The Hawaii Legislature is one huge, brightly glowing streetlight, easy to follow, and certainly a lot easier than any state agency whose job is to implement policy. Like, say, the Department of Agriculture.
A legislative session is like the unfolding of a novel before your very eyes, a classic form of storytelling with a prologue opening ceremony (including costumes and song), a series of challenges to face, attempts to overcome the challenges, an end of the session epilogue, again with songs and rituals, that ceremoniously ties a ribbon around the whole thing.
The Leg is under the streetlight, but so much of the key action happens across the street in those absolutely crucial agencies where the lights go down low.
The camera loves them, baby!
Imagine what it’s like to observe, say, the state’s Department of Agriculture at work. You can’t imagine it, right? Because you have no idea where they are or what they do.

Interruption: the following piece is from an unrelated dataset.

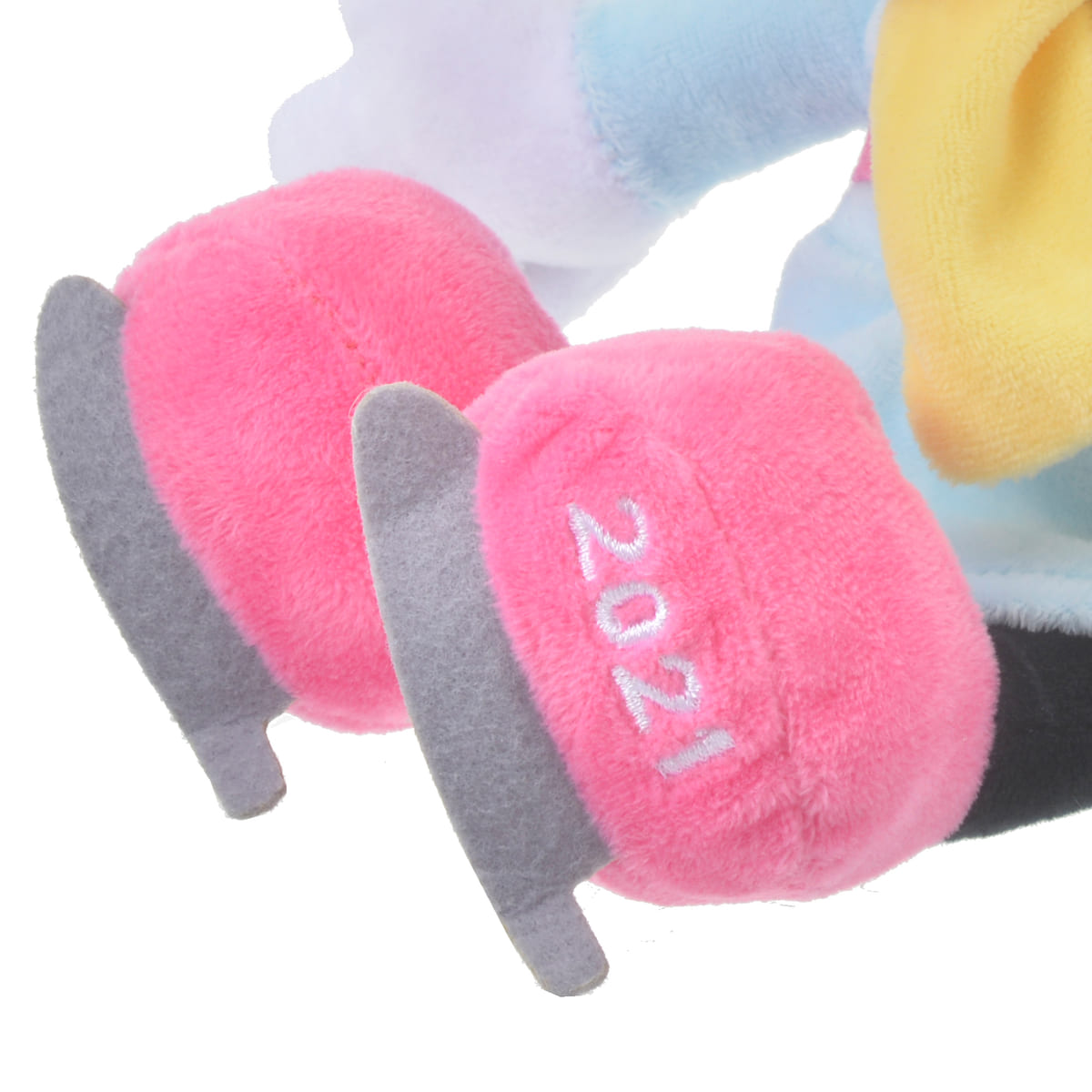 世界700体限定で販売される、スケートを楽しむ「ミニーマウス」がデザインされた、特別なぬいぐるみ。
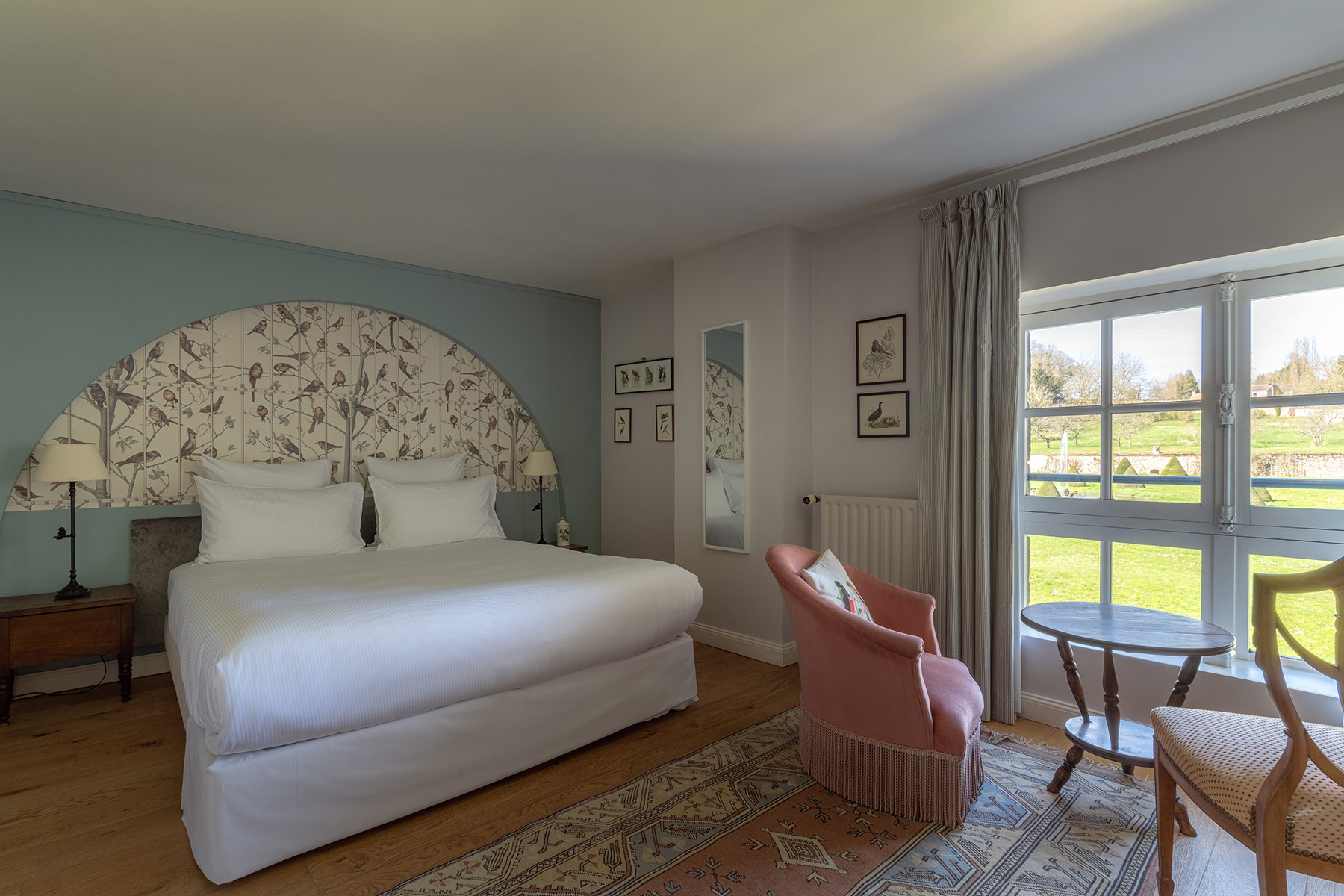 Chambre “Garde” dans l’ancienne tour de garde, chambre “Comte” et ses fastes : leur vue imprenable sur les jardins, les bassins et les fontaines vous plonge immédiatement dans l’ambiance d’Étoges, pour vivre l’expérience de la vie au château que nous nous attachons à transmettre.

For a media person, covering that agency, any agency actually, is boring and hard — a bunch of quiet, technical rulemaking and administrative decisions in some room buried in a building where it’s impossible to park.
In short, the Leg is under the streetlight, but so much of the key action happens across the street in those absolutely crucial agencies where the lights go down low, and no one ever holds hands and sings before a live audience.
Give the legislators this session credit. They passed a lot of potentially important stuff. They did their job.
But the session, as you can see from its final celebration, was also a dog-and-pony show that exaggerated their prominence and glossed over any skepticism about the ultimate impact of their work.
And speaking of canines, think of the legislators as dog show people and the session as a dog show.
As Tommy Tomlinson says in his wonderful new book about dog shows, the criteria that dog show people use to determine successful dogs works for them but is completely irrelevant for every other dog owner.
A successful show dog is determined essentially by one big thing: how close it is to the official standards set for the breed.
But the rest of us — your ordinary Joe with a shepherd-lab-beagle or Jane with a rescue dog pit bull mix — like our dogs for all sorts of reasons, many little things that add up to something big.
When a legislator raves about a piece of legislation because its words are so innovative or carefully crafted, he or she is acting like a dog show person exaggerating the importance of one big thing and ignoring the little things that ultimately make big differences.
Like Snoopy says: “Enjoy the little things in life because one day you’ll look back and see they were the big things.”